■ YOUR ASSIGNMENT: The copy has to match the data exactly and leave out every picture.
START EXERCISE DATA
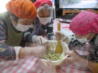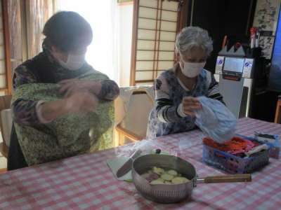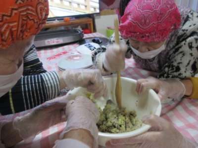出来上がった薩摩芋もちを、美味しい 美味しい・・・と
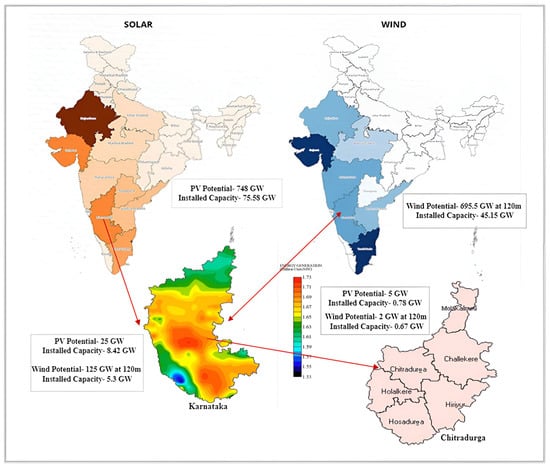 India is the world’s seventh-largest country, covering 3,287,263 square kilometers (1,269,219 square miles), and boasts abundant solar energy resources []. With solar irradiance ranging from 4 to 7 kWh/m2/day and an average of 5 kWh/m2/day, coupled with mean summer temperatures of 25–45 °C and winter temperatures of 5–25 °C, India’s tropical climate within its vast peninsula renders it rich in solar and wind power reserves. Despite this, planning and formulating policies frequently depend on governmental assessments of renewable energy potential []. Based on these estimates, the solar potential is 748.98 GW, utilizing only 3% of accessible wasteland []. In a similar vein, a prudent assessment of wind power potential at 120 m above sea level stands at 695 GW for the country []. Figure 3 depicts the chosen location, indicating its solar and wind capabilities.
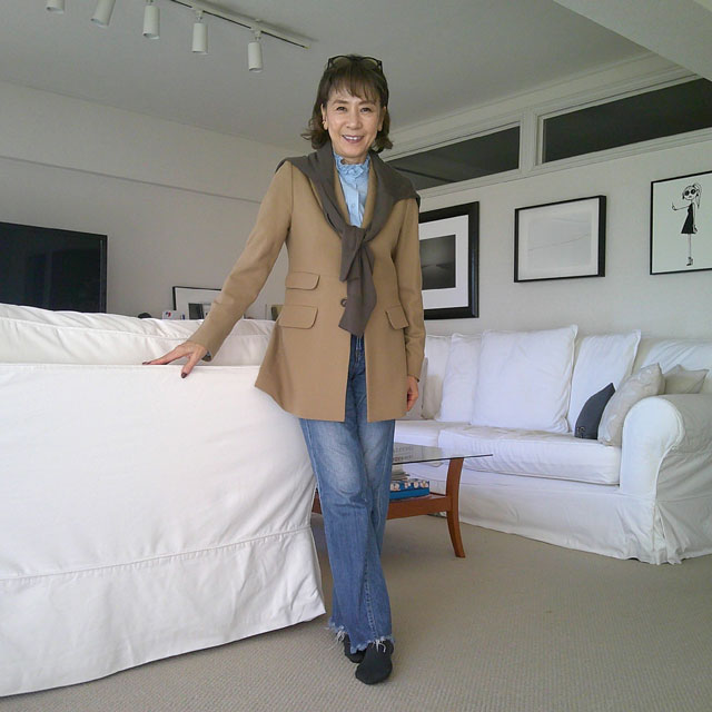 キャメルカラーのジャケットにはブルーを合わせるのが今の気分
END EXERCISE DATA
■ ANSWER AREA:
出来上がった薩摩芋もちを、美味しい 美味しい・・・と
 India is the world’s seventh-largest country, covering 3,287,263 square kilometers (1,269,219 square miles), and boasts abundant solar energy resources []. With solar irradiance ranging from 4 to 7 kWh/m2/day and an average of 5 kWh/m2/day, coupled with mean summer temperatures of 25–45 °C and winter temperatures of 5–25 °C, India’s tropical climate within its vast peninsula renders it rich in solar and wind power reserves. Despite this, planning and formulating policies frequently depend on governmental assessments of renewable energy potential []. Based on these estimates, the solar potential is 748.98 GW, utilizing only 3% of accessible wasteland []. In a similar vein, a prudent assessment of wind power potential at 120 m above sea level stands at 695 GW for the country []. Figure 3 depicts the chosen location, indicating its solar and wind capabilities.
 キャメルカラーのジャケットにはブルーを合わせるのが今の気分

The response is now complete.